*Problem statement:*
Below are the entries. Print only the lines starting at the one with "More information about" and ending at the one with "Front (Jacket): Classic", exactly, with no pictures.

*Records shown:*
══════════

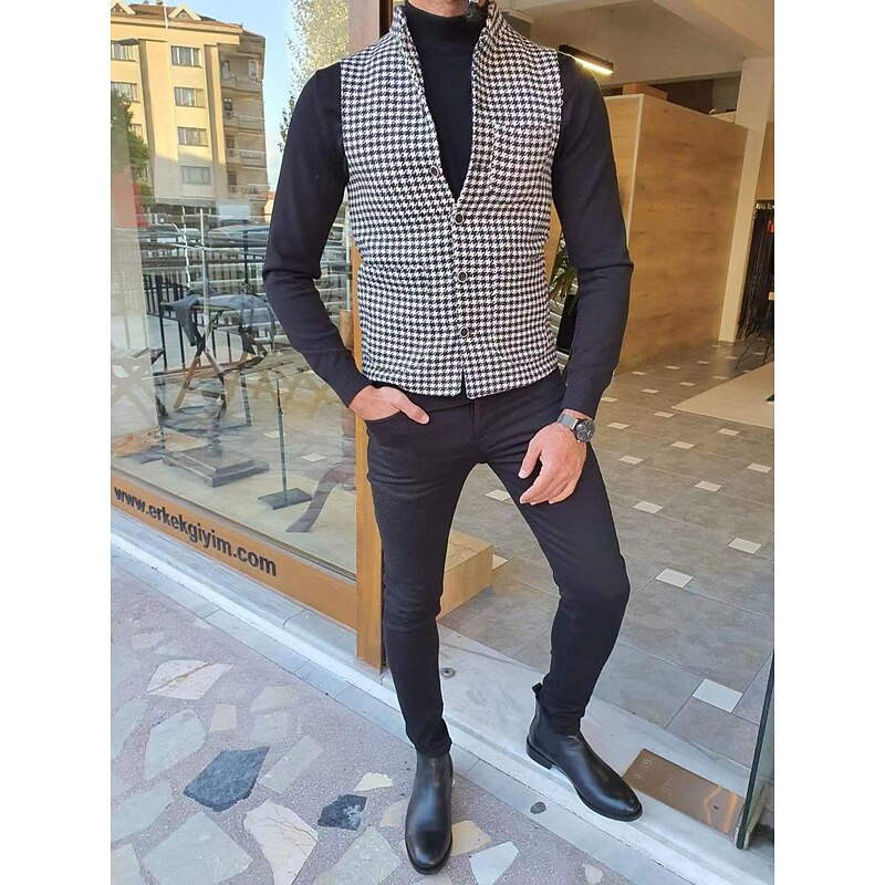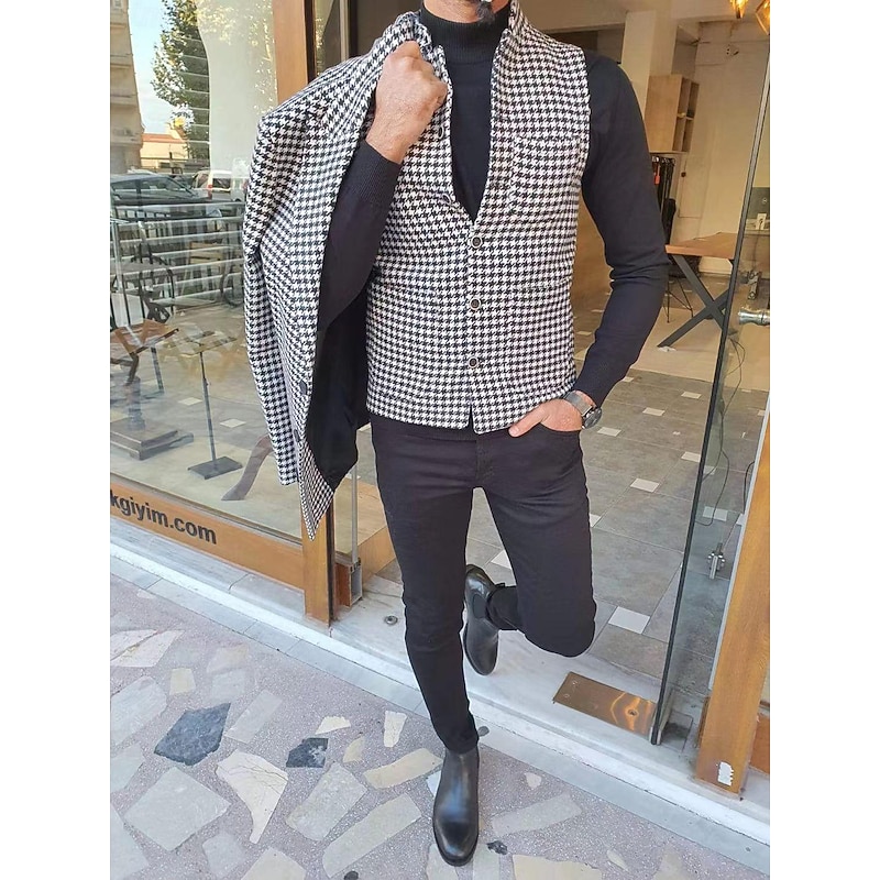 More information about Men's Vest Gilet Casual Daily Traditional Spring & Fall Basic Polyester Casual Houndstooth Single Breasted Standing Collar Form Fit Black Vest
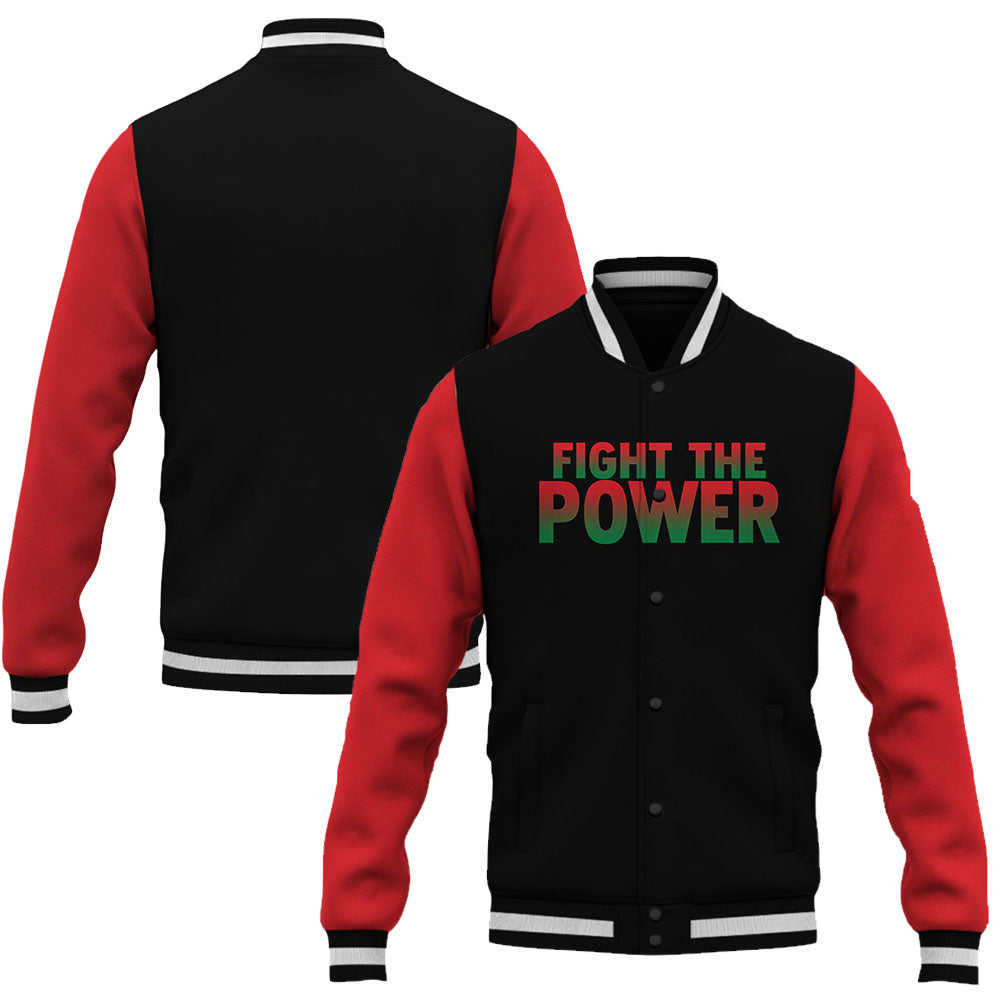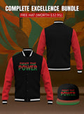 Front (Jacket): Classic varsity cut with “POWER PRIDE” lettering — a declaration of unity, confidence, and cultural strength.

══════════

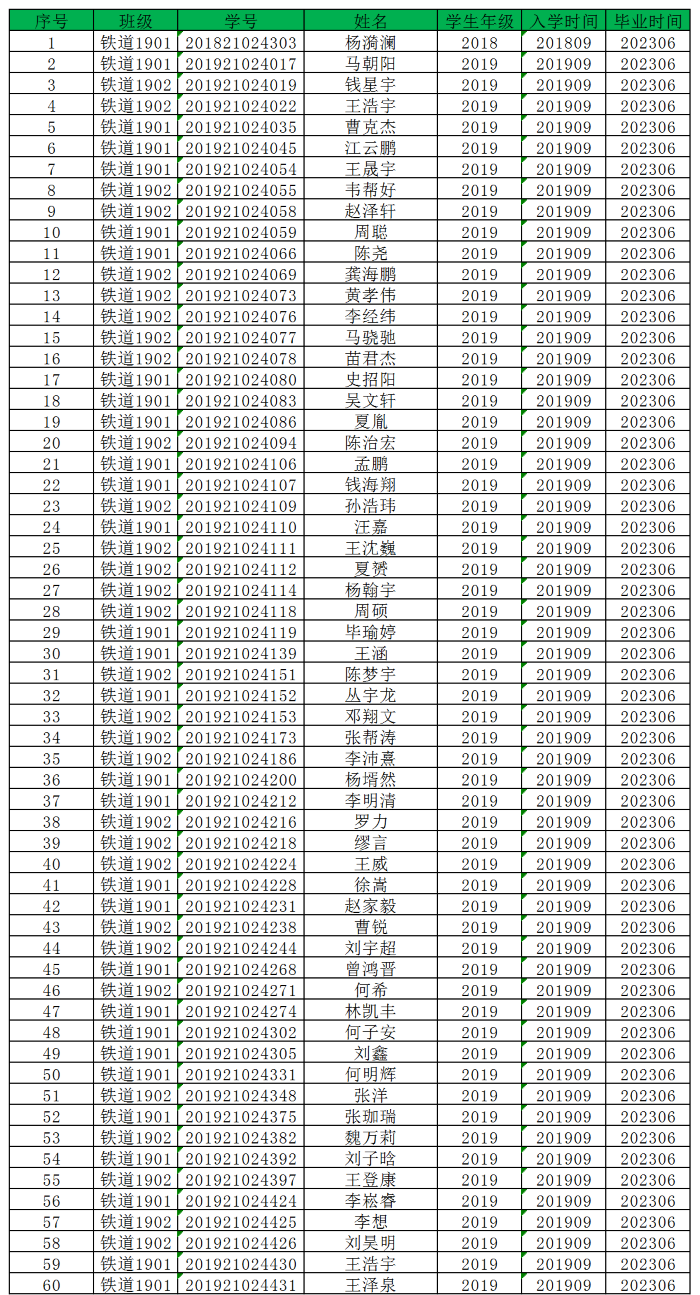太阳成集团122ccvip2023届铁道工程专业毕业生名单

══════════

*Reply:*
 More information about Men's Vest Gilet Casual Daily Traditional Spring & Fall Basic Polyester Casual Houndstooth Single Breasted Standing Collar Form Fit Black Vest
 Front (Jacket): Classic varsity cut with “POWER PRIDE” lettering — a declaration of unity, confidence, and cultural strength.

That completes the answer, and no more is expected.